York University introduces a comprehensive social procurement policy

Carol McAulay, vice-president finance and administration, issues the following announcement to the York University community:

I am pleased to announce that following the December Board of Governors meeting, York University is now one of Canada’s first universities to have a comprehensive social procurement policy.

York's Social Procurement Policy supports the foundational pillars of accessibility, connectedness, excellence and impact, and reflects its values as a university.

Social procurement considers how procurement – the process of buying goods and services – can positively impact the social well-being of our surrounding communities and assist to reduce poverty, promote economic and social inclusion, and support local economic development and social enterprise.

The policy establishes the framework of values and principles for enhancing community impact and gives direction to staff in approaching procurement. The policy:

  • Provides opportunities to address economic disadvantage by promoting equal opportunity and inclusion and removing barriers to those goals experienced by equity seeking communities and others who disproportionately experience unemployment or underemployment and discrimination;
  • Aspires to build a culture of social procurement at the University;
  • Leverages the University’s purchasing processes to benefit local economies;
  • Establishes an effective balance between equity goals, accountability, transparency and efficiency;
  • Complies with all applicable laws, including government trade agreements and directives, laws and policies, including the Ontario Human Rights Code;
  • Integrates with York University’s vision and policies and its role as an anchor institution to create a responsible and sustainable supply chain process.

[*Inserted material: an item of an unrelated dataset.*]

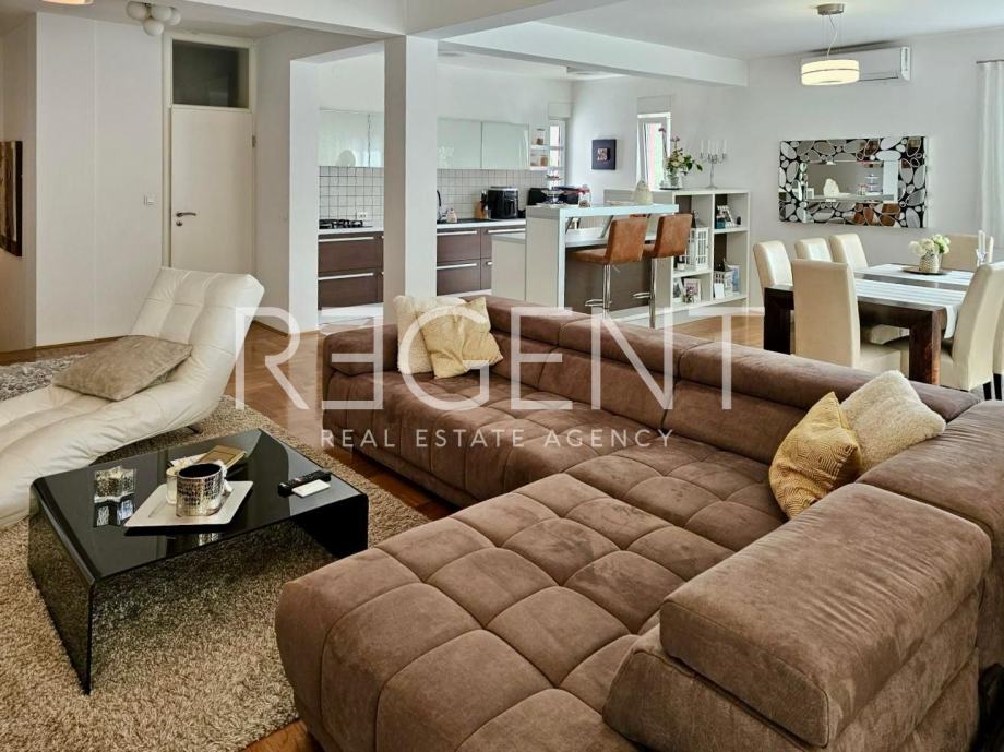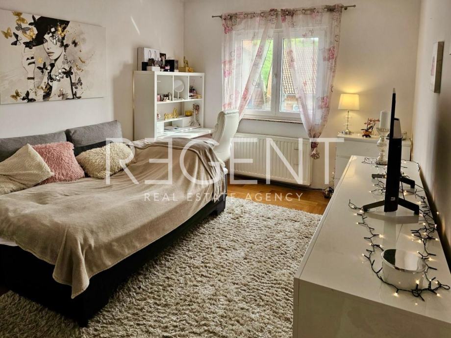 Na prodaju je četverosoban stan na prvoj etaži zgrade iz 2006. godine, 800 m od Ilice. Nekretnina je prikladna za obitelji koje žele mir i privatnost uz mogućnost korištenja velikog voćnjaka odmah uz zgradu.Stan od 143 m² sastoji se od ulaznog prostora, nekoliko stepenica prema dnevnom „open space“ prostoru od 65 m² s kuhinjom, blagovaonicom, dnevnim boravkom i ostavom te izlazom na lođu. U donjem dijelu nalaze se tri spavaće sobe, dvije s lođom, te dvije kupaonice (jedna s masažnom kadom, druga s tuš kabinom). Stanu pripada i garaža od 18 m² i dva spremišta od 21 m². Stan ima energetski razred A, grijanje je etažno plinsko centralno, ugrađeni su PVC prozori, uvedena je dvostruka optička nit za internet.Lokacija je mirna, u slijepoj ulici. U blizini su autobusna stanica, škola, vrtić, dom zdravlja, nova tržnica te trgovine i ugostiteljski sadržaji. Uz zgradu se nalazi ograđen voćnjak od gotovo 1000 m² s dugogodišnjim stablima, sjenicom, pomoćnim objektima i dva betonska platoa (cca 100 m²), od kojih je jedan predviđen za bazen.Stan se prodaje nenamješten, a u prostoru ostaju samo ugradbeni ormari i kuhinja.Za više informacija ili dogovor oko razgledavanja, slobodno nas kontaktirajte.Za više informacija, kontaktirajte našeg agenta na brojeve telefona:

York’s Social Procurement principles are already being implemented in several construction projects. These include:

  • Washroom renovations and upgrades across the University are scheduled to begin shortly requiring bidders to use a specified percentage of labour from our local communities.
  • Renovations, as well as mechanical and electrical upgrades are planned for the Hilliard & Wood residences on the Glendon Campus. The successful contractor must commit to no less than four multidisciplinary (electrical, plumbing, carpentry, etc.) apprentices from the local area. Those selected in the apprenticeship programs must be from equity-seeking communities as well as social enterprises chosen from the following postal codes: M3N, M3J, M3L & M3M.

I  would like to thank everyone who was instrumental in developing the policy and who worked diligently towards getting it approved by the board.

I believe together we can leverage York’s purchasing power to advance the long-term health and vitality of our communities and recognize the positive social impact of our procurement processes.